◆ **Recorded data**:
-*-*-

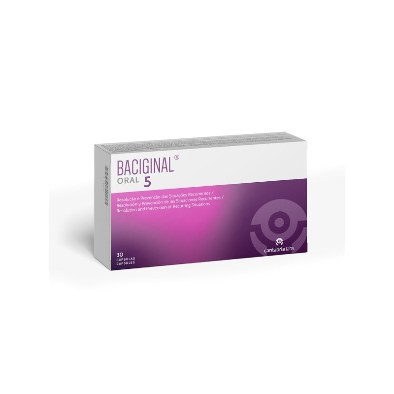 Baciginal Oral 5 é um suplemento alimentar que constitui uma fórmula reforçada com 5 estirpes específicas: Lactobacillus gasseri LG050, Lactobacillus acidophilus LA14, Lactobacillus plantarum LP080, Lactobacillus casei subsp. rhamnosus LRH020 e Bifidobacterium lactis BL050. Contém Ácido Fólico e Vitamina D, que contribuem para o normal funcionamento do sistema imunitário.
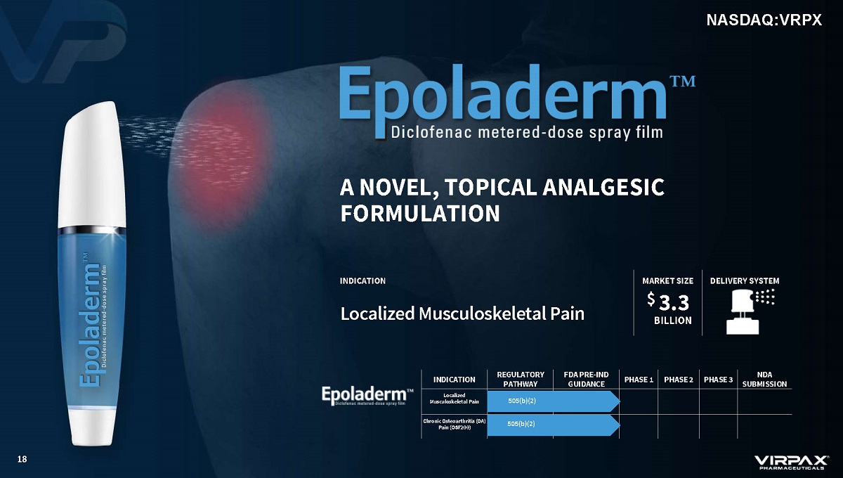 THE ANATOMY AND ACTION OF EPOLADERM w SPRAY FILM METERED - DOSE VALVE administers a therapeutic dose of diclofenac in an aerosolized spray CONCENTRATED DICLOFENAC SPRAY FILM with a high - level of adhesiveness, accessibility and skin - drying PRE - FILLED DEVICE WITH DICLOFENAC SOLUTION specially formulated for metered - dosing 20 SKIN PRE - FILLED DEVICE WITH DICLOFENAC SOLUTION Specially formulated for metered - dosing CONCENTRATED DICLOFENAC SPRAY FILM With a high - level of adhesiveness, accessibility and skin - drying DRYING TIMES Between 60 and 90 seconds CONVENIENT, EASY - TO - APPLY ..REMAINS ON THE SKIN AS A SPRAY FILM NASDAQ:VRPX
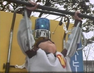 この回の伸介の扱いもすごい。プラスチックとは言え鎖で拘束、ネモトマンスタイルでは縛られてさんざんである。スーパーヒーロー養成ギプスで鍛えられてる時の伸介のしんどそうな声と汗びっしょりの顔のかわいいこと。
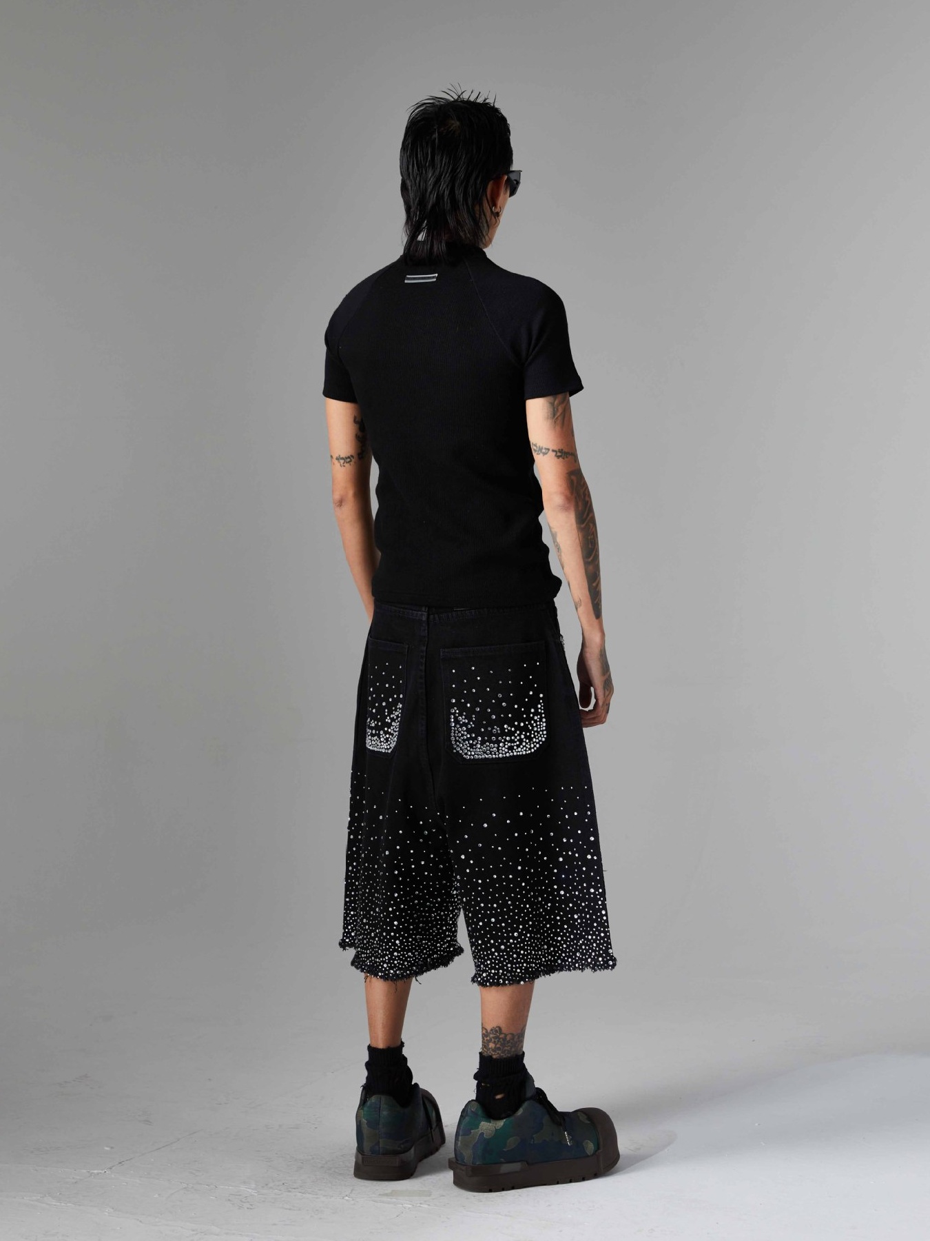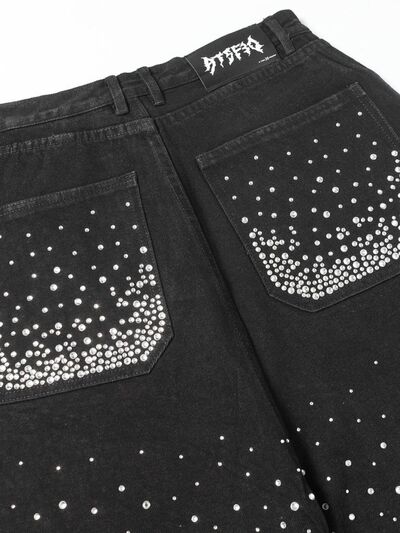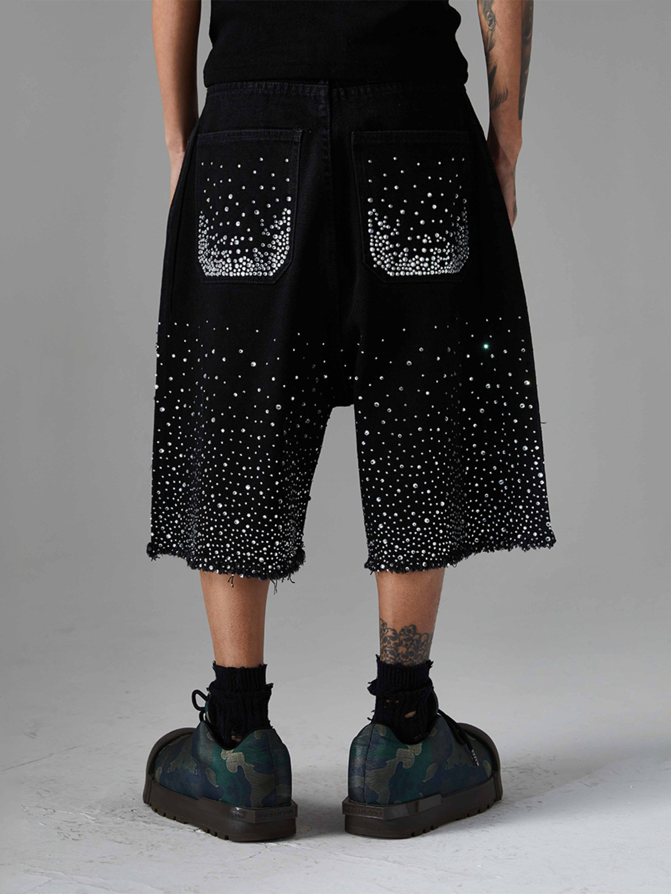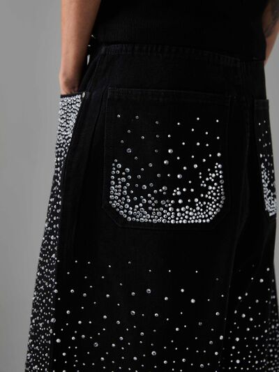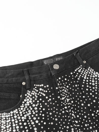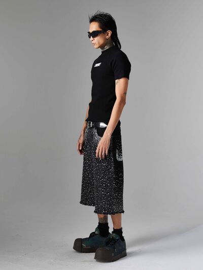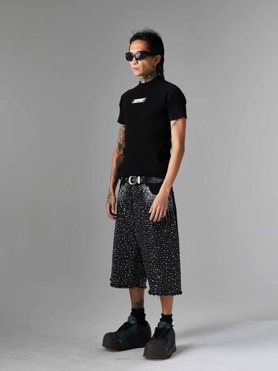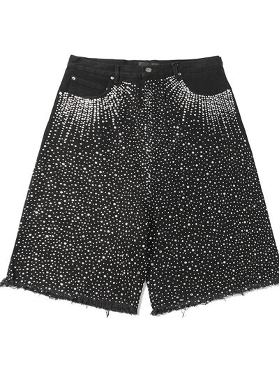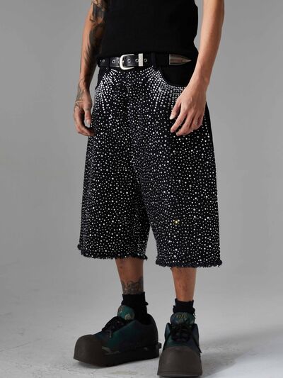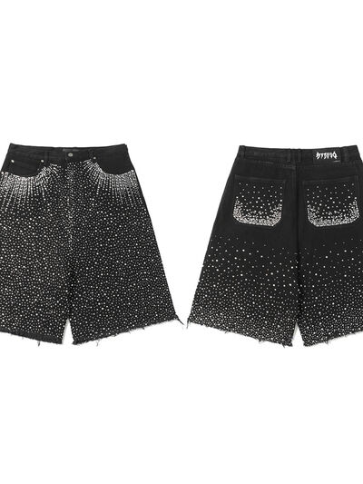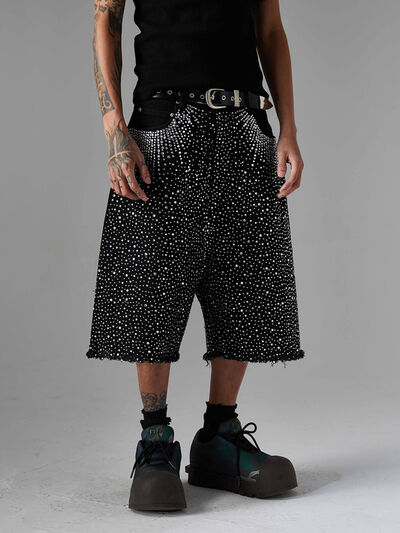Men's Rhinestone Embellished Denim Shorts

-*-*-

◆ **Description of the task**: Repeat each line of the listing word for word, from the first through the line that contains "この回の伸介の扱いもすごい。". Any picture stays out.

◆ **Solution to this exercise**:
 Baciginal Oral 5 é um suplemento alimentar que constitui uma fórmula reforçada com 5 estirpes específicas: Lactobacillus gasseri LG050, Lactobacillus acidophilus LA14, Lactobacillus plantarum LP080, Lactobacillus casei subsp. rhamnosus LRH020 e Bifidobacterium lactis BL050. Contém Ácido Fólico e Vitamina D, que contribuem para o normal funcionamento do sistema imunitário.
 THE ANATOMY AND ACTION OF EPOLADERM w SPRAY FILM METERED - DOSE VALVE administers a therapeutic dose of diclofenac in an aerosolized spray CONCENTRATED DICLOFENAC SPRAY FILM with a high - level of adhesiveness, accessibility and skin - drying PRE - FILLED DEVICE WITH DICLOFENAC SOLUTION specially formulated for metered - dosing 20 SKIN PRE - FILLED DEVICE WITH DICLOFENAC SOLUTION Specially formulated for metered - dosing CONCENTRATED DICLOFENAC SPRAY FILM With a high - level of adhesiveness, accessibility and skin - drying DRYING TIMES Between 60 and 90 seconds CONVENIENT, EASY - TO - APPLY ..REMAINS ON THE SKIN AS A SPRAY FILM NASDAQ:VRPX
 この回の伸介の扱いもすごい。プラスチックとは言え鎖で拘束、ネモトマンスタイルでは縛られてさんざんである。スーパーヒーロー養成ギプスで鍛えられてる時の伸介のしんどそうな声と汗びっしょりの顔のかわいいこと。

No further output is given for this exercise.